Friday was the first day back to work for the staff at Emancipet. When Chief Executive Amy Mills, who is based in Austin, walked in, she had tears in her eyes and hugged each worker.
"I'm so glad you're OK," she said.
As they waited for the cats to arrive, the staff traded stories about their Harvey experiences, including the tale of one employee who spent a night in her RAV4 in the middle of a flooded road.
They're all used to storm warnings on the Gulf Coast. They hadn't realized this would be a disaster.
The clinic workers considered themselves extremely lucky to have been spared flooding of their own homes and injury. But they hadn't expected to be stuck in their homes for days on end, often without electricity.
They joked about the "Hurricane Harvey diet," scrounged from whatever's left in the pantry: a can of green beans, some ravioli, crackers.
Knowles, 26, the lead surgeon, said she had been at home for about four days when, on Wednesday, she looked outside and it wasn't raining.
"It was like, 'I'm going! I'm going outside!'" she said. When she got to a grocery store, there was an hourlong line out the door, and it wrapped around the entire inside of the store. She got in the line and popped down aisles as it progressed. She had a bad hankering for ice cream, and she scored some.
The others had similar experiences. Signs limiting your purchases of eggs, milk and water. The mad rush for bread.
Knowles, who moved to Houston from Florida a month ago, said she had survivor's guilt. Family and friends from across the country have called nonstop after seeing harrowing video of flooding on the news. She feels bad when she tells them she's fine, knowing so many people lost everything.
It wasn't until she saw Highway 288, her route to work, turned into a lake on live TV that it sunk in for her that she really was living in the middle of this disaster.
"The feeling you get when you watch TV and you get on Facebook and see 'Pray for Houston' and you realize that's you — it's jarring," Knowles said.
Amber Lozano, an assistant surgery technician, had been anxious, too, safe and comfortable at home but trapped by flooded roads and unable to lend a hand.
When she could finally get out on Wednesday, she picked up two dozen cats from a local shelter and drove them to Austin to make room for displaced animals.
"It was good to just be able to do something," she said.
Mills, the Emancipet CEO, said it meant a lot to the staff to be working with the relocated cats.
"Today has been awesome," she said. "It's the culmination of a lot of worry and wondering how to be useful."
She knows there's a hard slog ahead with animal recovery efforts.
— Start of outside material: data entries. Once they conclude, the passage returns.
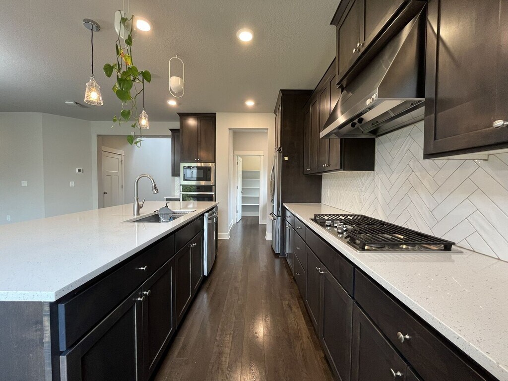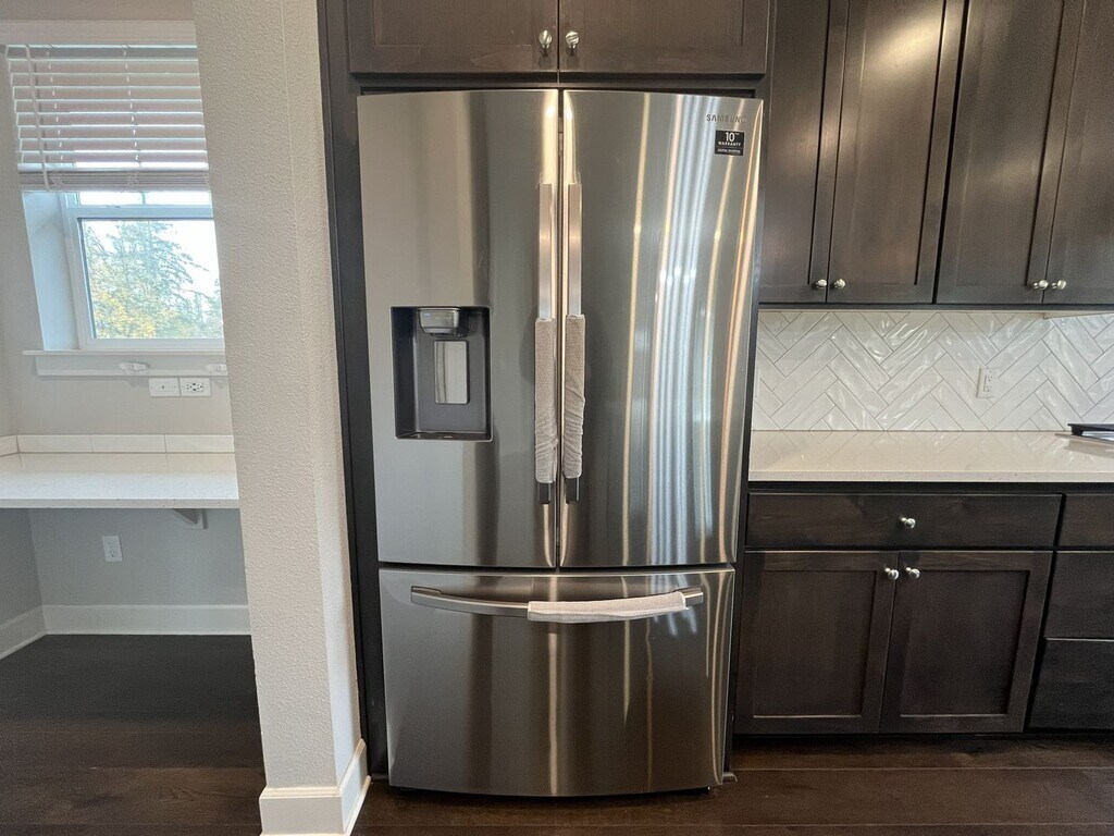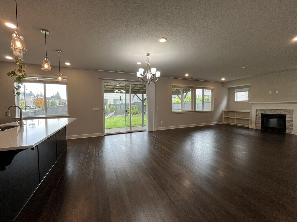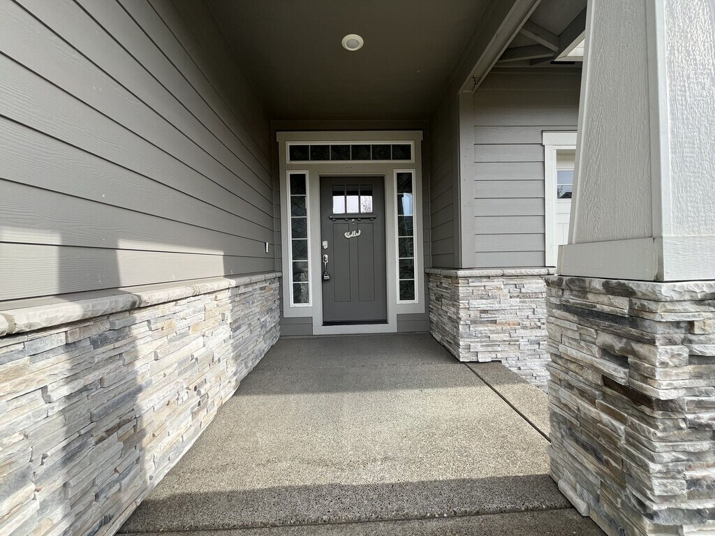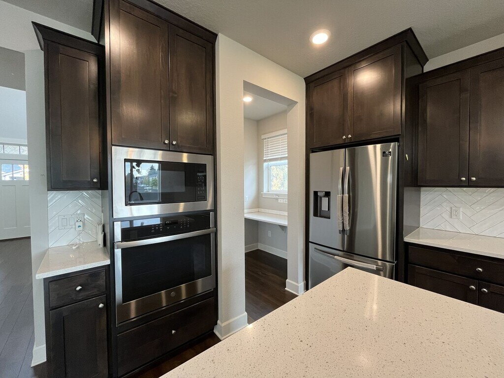 Welcome to this stunning 4-bedroom, 3-bathroom home offering 2,448 square feet of beautifully designed living space on a desirable corner lot. The property features a lush lawn that wraps around the side, manicured bushes along the walkway, and a private driveway leading to a spacious two-car garage. As you step inside, you’re greeted by an inviting entryway with elegant hardwood flooring, a full bathroom, and a main-level bedroom—ideal for guests or a home office. This bedroom features plush carpet, three bright windows, and a sliding door closet. The adjacent bathroom includes a modern step-in shower with glass paneling and stylish tile detailing. The heart of the home is the chef’s kitchen, designed for both style and function. It features a large island bar with seating, a deep stainless steel sink, and a built-in dishwasher. The kitchen also includes a gas cooktop, wall-mounted oven and microwave, a stainless steel refrigerator, and a crisp white tile backsplash. Rich dark wood cabinetry provides abundant storage, while a nearby breakfast nook and walk-in pantry add everyday convenience. The open-concept dining area sits beneath a contemporary pendant light, seamlessly flowing into the spacious living room. The living area features multiple windows that fill the space with natural light, a central fireplace with built-in shelving, and plenty of room for relaxing or entertaining. Upstairs, the primary suite offers a true retreat with large windows, a spa-inspired en suite bathroom, and a walk-in closet. The bathroom includes dual vanities, a soaking tub, and a glass-enclosed shower. A versatile loft area between the bedrooms provides the perfect space for a home office, reading nook, or lounge. Two additional bedrooms upstairs feature generous closets and plenty of light, sharing a full bathroom with a double vanity and combination tub/shower. The upper level also includes a full laundry room with built-in cabinetry and a full-size washer and dryer for added convenience. Step outside to enjoy a beautifully landscaped backyard featuring a long covered patio, manicured lawn, and a rock border with lush bushes along the fence line. A lower patio area adds even more space for outdoor dining, entertaining, or simply relaxing in the fresh air. This thoughtfully designed home combines modern finishes, abundant natural light, and versatile spaces—perfect for comfortable living and entertaining. Call or Text Our Leasing Agent at to schedule a showing! Visit our website to apply and view other homes we have available! Do you need property management services? Maximize your income and cut your costs! YouTube Video URL:
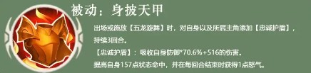 出场或施放【五龙旋舞】时,对自身以及所属主角添加【忠減护盾],持续3回合。【忠诚护盾】:吸收自身防御*70.6%+516的伤害。提高自身157点状态命中,并在每回合结束时获得1点怒气。
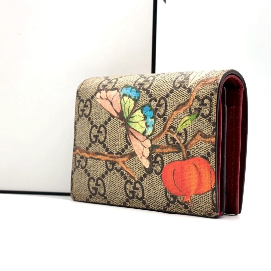 GUCCI Bi-fold Wallet GG Supreme Tian Butterfly Compact Wallet Beige
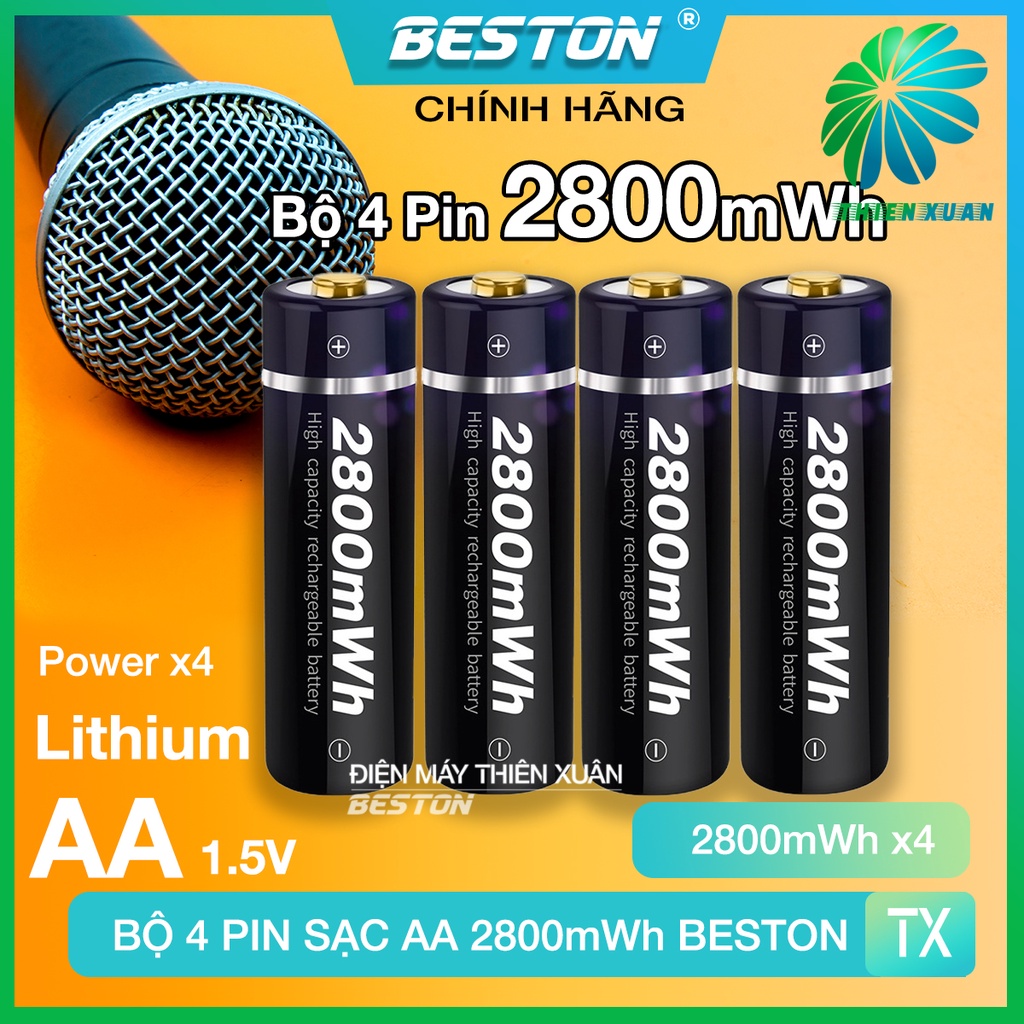 Bộ 4 pin tiểu sạc AA (2A) 1.5V 2800mWh Beston Lithium-ion cao cấp

Public health officials say the standing water left behind by the storm will bring lots of mosquitoes, which transmit heartworms to dogs. Mills is already working to get grants for heartworm medication.
And she knows the rescues will go on for months. More relocated dogs and cats will be coming through the Emancipet clinic, she said.
Someone half-jokingly asked if they'd take in alligators. The staff laughed nervously.